Nearly 200 years after the first observations of neuronal nucleoli, recent work has provided new insights into the functional significance of nucleolar dynamics in neurons including its role in neuronal growth and stress response. Conversely, there is a new appreciation for how nucleolar insufficiency may contribute to several neurodevelopmental syndromes and neurodegenerative diseases. There are, however, several unresolved issues which are of particular significance for further progress on nucleolar research in the nervous system (Box 1). First, the mechanisms through which nucleoli regulate neuronal growth and stress responses remain to be identified. Second, whether partial nucleolar insufficiency plays a direct role in pathogenesis of such neurodegenerative diseases as AD is unclear. Third, experiments are warranted to determine whether the neuronal nucleolus can be a therapeutic target for neuroprotection and/or neurorepair. For example, pro-nucleolar interventions could be harnessed to correct neurodevelopmental disruptions or stimulate repair of the damaged nervous system. Conversely, transient inhibition of the nucleolar activity could support neuronal survival under such acute insults as stroke or neurotrauma. Taken together, studies of the neuronal nucleolus appear to have an exciting period ahead with a potential to change our mechanistic understanding of neuronal growth, maintenance and degeneration.

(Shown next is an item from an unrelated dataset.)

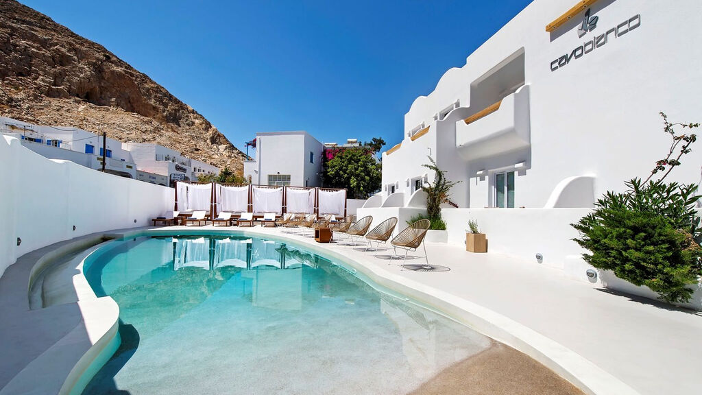Hotel se nacházá v letovisku Kamari, v bezprostřední blízkosti barů, restaurací a obchodů. Město Fira je vzdáleno cca 8 km od hotelu. Mezinárodní letiště Santorini je od hotelu vzdáleno cca 6 km.

Box 1. Outstanding questions.

• What are the regulatory mechanisms adjusting nucleolar transcription to neuronal needs? Which signaling pathways play a critical role in that process? Do epigenetic mechanisms contribute to such a regulation?

• What are the mechanism(s) mediating the neurite growth effects of increased nucleolar transcription? Can such mechanism(s) include local delivery of de-novo made ribosomes to the growing neurites and support of local protein synthesis?

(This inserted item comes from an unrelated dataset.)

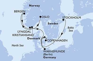 | Den 8 | Lyngdal, Norsko, (připlutí: 09:00 | odplutí: 18:00) |

• Does the nucleolus determine regenerative growth of neurons? If so, can the nucleolus be harnessed for the therapeutic neurorepair?

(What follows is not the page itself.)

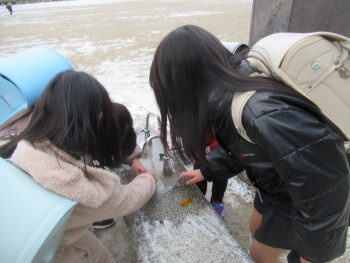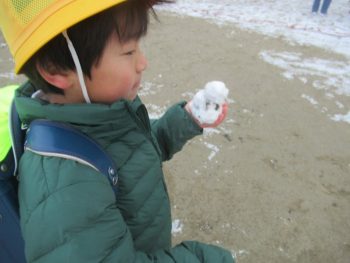 今日も寒い1日でしたね。朝からの雪の影響で、学校周辺の道路は渋滞していました。 しかし、雪の日の子どもたちは、ニッコニコで登校してきます。雪を丸く固めて手にもっている子が何人もいます。 そして、登校しても、なかなか教室には向かいません。雪が残っているところを探しては、雪を集めたり、走り回ったり・・・。 今日は、氷がはっているところをみつけて、「わあっ!!見て見て!!」と声をあげていました。 全部素敵な体験です。

• Does the neuronal nucleolar insufficiency contribute to neurodevelopmental disorders such as Bowen-Conradi-, ANE, Cockayne-, Prader-Willi- or Rett syndrome?

• Does neuronal activity regulate nucleolar transcription? Is such a regulation required for synaptic plasticity?

• What are the neuronal effector mechanisms of the nucleolar stress?

• Is neuronal growth and/or neuronal maintenance affected by such non-classical functions of the nucleolus as non-rRNA processing, transcription factor regulation, extranuclear export of proteins and RNAs or chromatin maintenance?

• Is the nucleolar insufficiency a cause or a result of neurodegeneration?

• What are the biological consequences of partial nucleolar insufficiency in degenerating neurons?

• Can the nucleolar modulation be a valid therapeutic approach to neurodevelopmental disorders and/or neurodegeneration?

• What are the contributions of the glial nucleolus to neuronal growth and maintenance?